* Record excerpts *

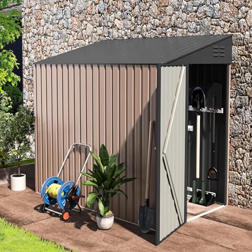 Amopatio Metal Garden Storage Shed 5x3 ft, Small Storage Shed 162x92x182 cm, Outdoor BikeShed Waterproof with Lockable Door for Winter, Backyard, Patio, Garbage Bin, Tools, Brown
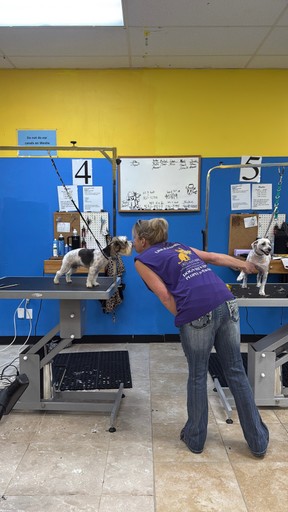 Our curriculum is designed to prepare students for real-world grooming careers through hands-on experience and practical education. We cover: - Everyday pet grooming - Breed-specific grooming techniques - How to determine the most flattering haircut for mixed-breed pets - Cat grooming (optional for students) - An introduction to creative grooming – including coat coloring and specialty styles In the beginning stages, new students will focus primarily on the body and feet of the pets. This allows them to build essential scissor control, become familiar with handling their tools, and gain confidence using grooming equipment safely and effectively. It's common for an advanced student to review your work and complete the dog's head, offering guidance and demonstrating finishing techniques. Then the instructor will check and approve all work to ensure consistency, learning, and safety. Students who demonstrate strong control and understanding early on may advance more quickly into head work and detailed hand-scissoring tasks. Progress is based on skill, attitude, and instructor approval. In addition to hands-on practice, students will complete minor testing throughout the program. These informal assessments help reinforce understanding of grooming tools, coat types, breed identification, and basic grooming theory. All instruction takes place in a real, functioning grooming salon to simulate real-world grooming scenarios and build practical, professional skills. Students are allowed to groom their own pets once they have demonstrated they can perform the grooming primarily on their own. This must be done on a Tuesday or Wednesday only. If the school is especially busy on a given day, the student may be asked to bring their pet back the next day to complete the grooming.
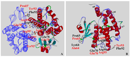 A significant number of conserved residues residing on the interfaces of tau class GST subunits were identified according to the sequence alignment with proteins having crystal structures in the protein data bank (PDB) (Figure 1). Three-dimensional structural alignment between the predicted tertiary structure of OsGSTU17 and structure of TaGSTU4 (PDB:1GWC) (Figure 2) revealed that the conserved amino acid residues, Pro65, Glu78, Phe92 (replacing conserved Tyr93 in TaGSTU4), Arg94, and Arg98 (alignment positions of 88, 101, 116, 118, and 122, respectively, in Figure 1) at the subunit interface of OsGSTU17 were superimposed on the residues at corresponding positions of TaGSTU4. Since these conserved amino acid residues mentioned above are responsible for formation hydrogen and salt bonds in TaGSTU4 to maintain interactions between subunits [16,17], it is speculated that these corresponding residues in OsGSTU7 might be involved in the dimerization of OsGSTU7. Interestingly, despite the natural absence of the hydrogen bond in OsGSTU17, this enzyme exhibited high stability and substrate activities [21], contrary to Wang’s observation [20], which showed that the replacement of the key residue Tyr93 with Phe led to an almost abolishment of its detoxification capability. Whether the dramatic decline in the enzymatic activities of mutant Y93F of TaGSTU4 is due to the natural replacement of a polar, positively charged Lys64 adjacent to Pro65 with a non-polar, hydrophobic Ala64 residue in TaGSTU4 needs to be clarified. Here, we explored site mutagenesis to substitute conserved residues Lys64 and Glu78 (alignment positions of 87 and 101, respectively, in Figure 1) in OsGSTU17 with Ala separately to understand the role of these amino acids in the interactions between subunits in OsGSTU17.
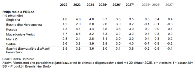 Raporti i Rregullt Ekonomik për Ballkanin Perëndimor parashikon që rritja ekonomike e kombinuar e Shqipërisë, Bosnjës dhe Hercegovinës, Kosovës, Malit të Zi, Maqedonisë së Veriut dhe Serbisë do të arrijë në 3.0 për qind në vitin 2025, që është 0.2 pikë përqindje më e ulët se parashikimet e mëparshme. Rritja parashikohet të përshpejtohet në 3.1për qind në vitin 2026 dhe 3.6 për qind në vitin 2027.
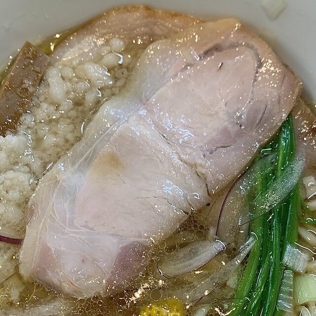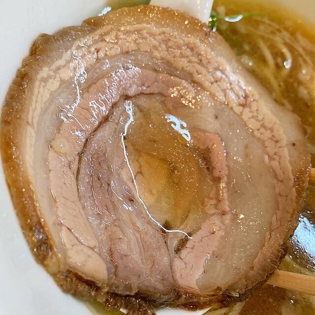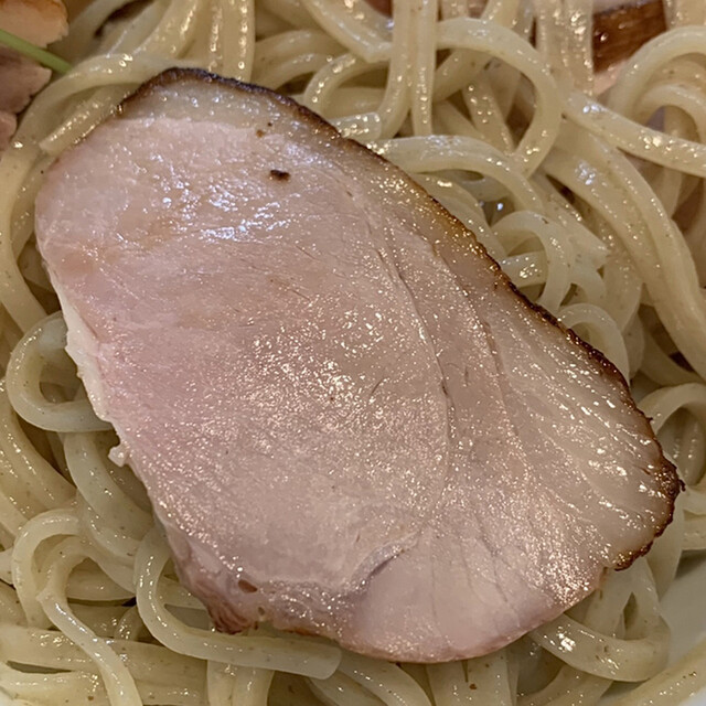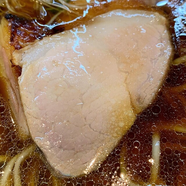 豚チャーシューは、炭火焼きの豚ロース肉で、しっとりと柔らかく、滲み出る豚の旨味がたまらなく美味しかったです。

* Goal of the exercise *
Without including any pictures, copy every line above exactly.

* Solution for this problem *
 Amopatio Metal Garden Storage Shed 5x3 ft, Small Storage Shed 162x92x182 cm, Outdoor BikeShed Waterproof with Lockable Door for Winter, Backyard, Patio, Garbage Bin, Tools, Brown
 Our curriculum is designed to prepare students for real-world grooming careers through hands-on experience and practical education. We cover: - Everyday pet grooming - Breed-specific grooming techniques - How to determine the most flattering haircut for mixed-breed pets - Cat grooming (optional for students) - An introduction to creative grooming – including coat coloring and specialty styles In the beginning stages, new students will focus primarily on the body and feet of the pets. This allows them to build essential scissor control, become familiar with handling their tools, and gain confidence using grooming equipment safely and effectively. It's common for an advanced student to review your work and complete the dog's head, offering guidance and demonstrating finishing techniques. Then the instructor will check and approve all work to ensure consistency, learning, and safety. Students who demonstrate strong control and understanding early on may advance more quickly into head work and detailed hand-scissoring tasks. Progress is based on skill, attitude, and instructor approval. In addition to hands-on practice, students will complete minor testing throughout the program. These informal assessments help reinforce understanding of grooming tools, coat types, breed identification, and basic grooming theory. All instruction takes place in a real, functioning grooming salon to simulate real-world grooming scenarios and build practical, professional skills. Students are allowed to groom their own pets once they have demonstrated they can perform the grooming primarily on their own. This must be done on a Tuesday or Wednesday only. If the school is especially busy on a given day, the student may be asked to bring their pet back the next day to complete the grooming.
 A significant number of conserved residues residing on the interfaces of tau class GST subunits were identified according to the sequence alignment with proteins having crystal structures in the protein data bank (PDB) (Figure 1). Three-dimensional structural alignment between the predicted tertiary structure of OsGSTU17 and structure of TaGSTU4 (PDB:1GWC) (Figure 2) revealed that the conserved amino acid residues, Pro65, Glu78, Phe92 (replacing conserved Tyr93 in TaGSTU4), Arg94, and Arg98 (alignment positions of 88, 101, 116, 118, and 122, respectively, in Figure 1) at the subunit interface of OsGSTU17 were superimposed on the residues at corresponding positions of TaGSTU4. Since these conserved amino acid residues mentioned above are responsible for formation hydrogen and salt bonds in TaGSTU4 to maintain interactions between subunits [16,17], it is speculated that these corresponding residues in OsGSTU7 might be involved in the dimerization of OsGSTU7. Interestingly, despite the natural absence of the hydrogen bond in OsGSTU17, this enzyme exhibited high stability and substrate activities [21], contrary to Wang’s observation [20], which showed that the replacement of the key residue Tyr93 with Phe led to an almost abolishment of its detoxification capability. Whether the dramatic decline in the enzymatic activities of mutant Y93F of TaGSTU4 is due to the natural replacement of a polar, positively charged Lys64 adjacent to Pro65 with a non-polar, hydrophobic Ala64 residue in TaGSTU4 needs to be clarified. Here, we explored site mutagenesis to substitute conserved residues Lys64 and Glu78 (alignment positions of 87 and 101, respectively, in Figure 1) in OsGSTU17 with Ala separately to understand the role of these amino acids in the interactions between subunits in OsGSTU17.
 Raporti i Rregullt Ekonomik për Ballkanin Perëndimor parashikon që rritja ekonomike e kombinuar e Shqipërisë, Bosnjës dhe Hercegovinës, Kosovës, Malit të Zi, Maqedonisë së Veriut dhe Serbisë do të arrijë në 3.0 për qind në vitin 2025, që është 0.2 pikë përqindje më e ulët se parashikimet e mëparshme. Rritja parashikohet të përshpejtohet në 3.1për qind në vitin 2026 dhe 3.6 për qind në vitin 2027.
 豚チャーシューは、炭火焼きの豚ロース肉で、しっとりと柔らかく、滲み出る豚の旨味がたまらなく美味しかったです。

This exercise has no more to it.